TASK DIRECTIONS — Without including any pictures, write out all the records word for word.

::::::::::

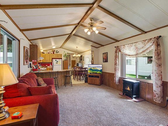 Located in the 55+ Community of Tall Pines Mobile Park, this spacious single wide manufactured home is very clean, private and ready for a new owner. All appliances included as well as washer and dryer. Nicely landscaped with a garden shed. A single carport and covered porch for enjoying the warm summer evenings.
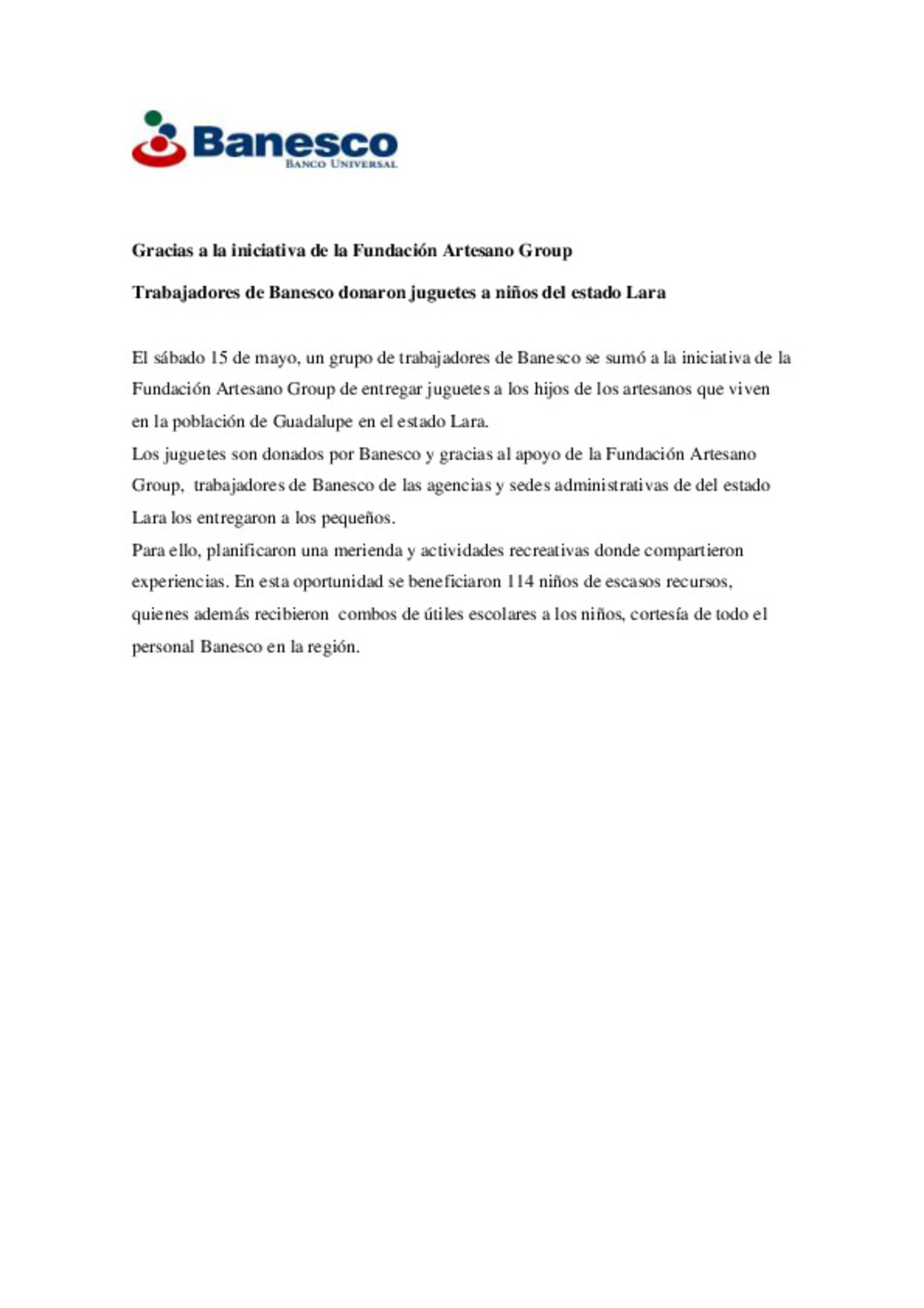El sábado 15 de mayo, un grupo de trabajadores de Banesco se sumó a la iniciativa de la Fundación Artesano Group de entregar juguetes a los hijos de los artesanos que viven en la población de Guadalupe en el estado Lara.
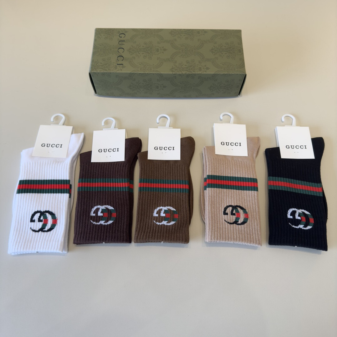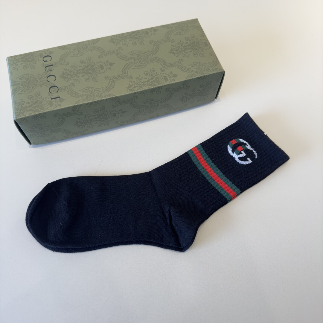 (Gucci)新款中长袜,适合初秋穿着。经典设计,优雅风格!当知名品牌登上街头时,时尚达人自然必不可少,而且百搭各种颜色。(每包五双)
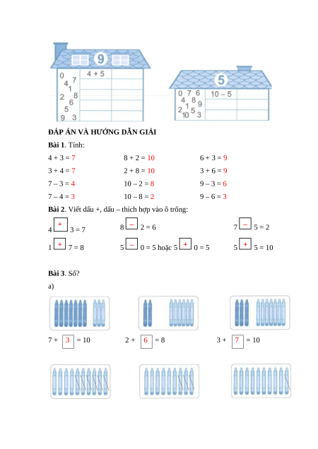ĐÁP ÁN VÀ HƯỚNG DẪN GIẢI Bài 1. Tính: 4 + 3 = 7 8 + 2 = 10 6 + 3 = 9 3 + 4 = 7 2 + 8 = 10 3 + 6 = 9 7 – 3 = 4 10 – 2 = 8 9 – 3 = 6 7 – 4 = 3 10 – 8 = 2 9 – 6 = 3
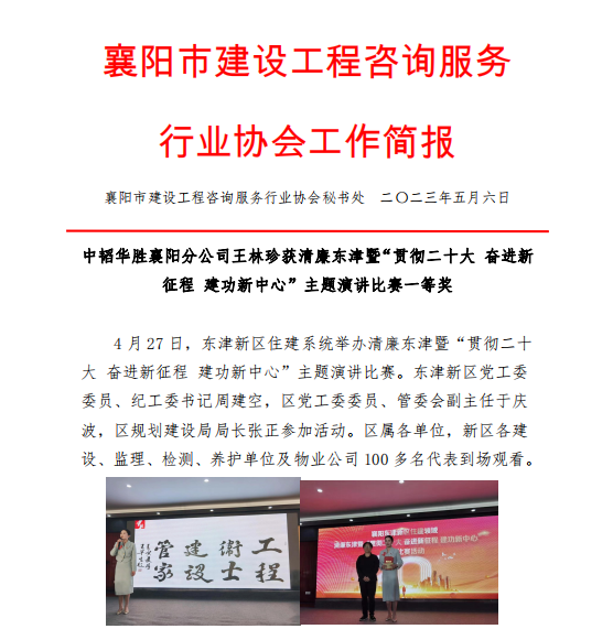 中韬华胜襄阳分公司王林珍获清廉东津暨“贯彻二十大 奋进新征程 建功新中心”主题演讲比赛一等奖
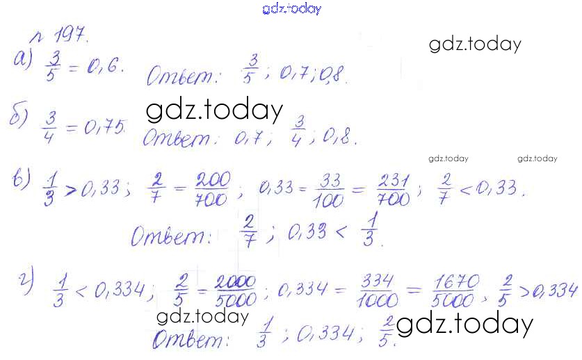 Ответы к Решение к упражнениям 197 Задачнику по Математике для 6 класса Бунимович, Кузнецова Просвещение Сферы 2014
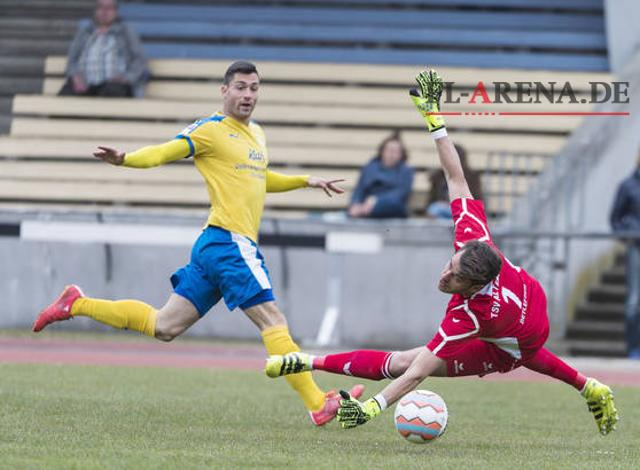 Sebastian Kiesbye brachte seine Blau-Gelben mit diesem 1:0-Führungstor sowie dem 2:0 kurz darauf auf die Siegerstraße. 20 Saisontore hat Kiesbye nun. (Foto: Tim Riediger)

::::::::::

FINAL ANSWER —
 Located in the 55+ Community of Tall Pines Mobile Park, this spacious single wide manufactured home is very clean, private and ready for a new owner. All appliances included as well as washer and dryer. Nicely landscaped with a garden shed. A single carport and covered porch for enjoying the warm summer evenings.
El sábado 15 de mayo, un grupo de trabajadores de Banesco se sumó a la iniciativa de la Fundación Artesano Group de entregar juguetes a los hijos de los artesanos que viven en la población de Guadalupe en el estado Lara.
 (Gucci)新款中长袜,适合初秋穿着。经典设计,优雅风格!当知名品牌登上街头时,时尚达人自然必不可少,而且百搭各种颜色。(每包五双)
ĐÁP ÁN VÀ HƯỚNG DẪN GIẢI Bài 1. Tính: 4 + 3 = 7 8 + 2 = 10 6 + 3 = 9 3 + 4 = 7 2 + 8 = 10 3 + 6 = 9 7 – 3 = 4 10 – 2 = 8 9 – 3 = 6 7 – 4 = 3 10 – 8 = 2 9 – 6 = 3
 中韬华胜襄阳分公司王林珍获清廉东津暨“贯彻二十大 奋进新征程 建功新中心”主题演讲比赛一等奖
 Ответы к Решение к упражнениям 197 Задачнику по Математике для 6 класса Бунимович, Кузнецова Просвещение Сферы 2014
 Sebastian Kiesbye brachte seine Blau-Gelben mit diesem 1:0-Führungstor sowie dem 2:0 kurz darauf auf die Siegerstraße. 20 Saisontore hat Kiesbye nun. (Foto: Tim Riediger)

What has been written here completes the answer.